Saving a new mother's heart

BIRMINGHAM, ALA.; May 9, 2008

5 months after Lindy Jones gave birth to her son, Matthew, she got sick with what at first seemed like pneumonia.

But tests revealed something much worse.

Lindy recalls, "Well, the doctor grabbed my mama's arm, and said 'I wouldn't leave just yet. She's having a massive heart attack.' "

A blood clot formed in a major artery of Lindy's heart - a rare complication of childbirth,

Doctors quickly implanted a balloon pump through her leg to her heart... to keep Lindy alive, but that caused more problems.

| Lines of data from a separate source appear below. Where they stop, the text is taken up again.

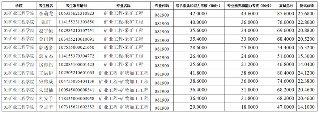 金年会jinnianhuicom2025年硕士研究生招生考试(矿业工程)第二次调剂复试成绩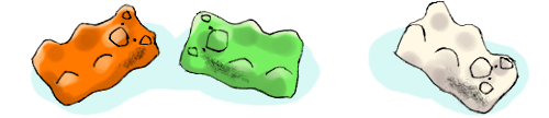 Lisa isst am liebsten die roten und grünen Gummibärchen.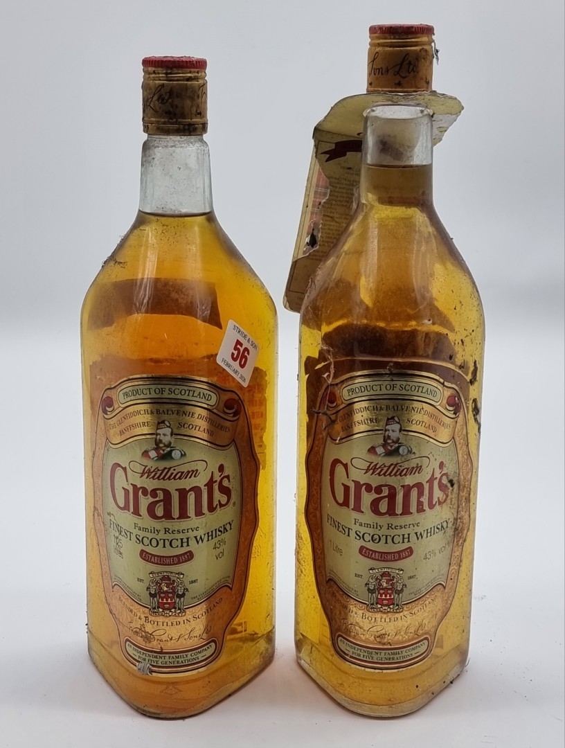 A 1.125 litre bottle of Grant's Blended Whisky; together with a similar 1 litre example. (2)

Dr. Salpy Pamboukian, of the University of Alabama-Birmingham says, "Her circulation was so poor that she wasn't really getting enough blood flow to her legs."

Lindy says, "They, um, that's when they took my leg."

When Lindy woke up, she discovered doctors had to amputate her right leg below the knee.

Later, that heart pump was replaced with a device called a left ventricular assist device, or L-VAD.

It keeps her heart going while she waits for a transplant.

Dr. Pampoukian says, "We never know when a donor organ is going to be available, so if somebody's so ill that we don't think they're going to make it to the heart transplant, we use the LVAD to bridge them to that, and we call that bridge to transplantation."

Matthew was almost a year old by the time an anxious Lindy finally got home from the hospital.

"He's absolutely wonderful. I can't, I don't know how I'd do it if he was anything else, " says Lindy.

Lindy Jones is still waiting for a heart, but the L-VAD is helping her survive until one becomes available. She looks forward to celebrating many more Mother's Days to come.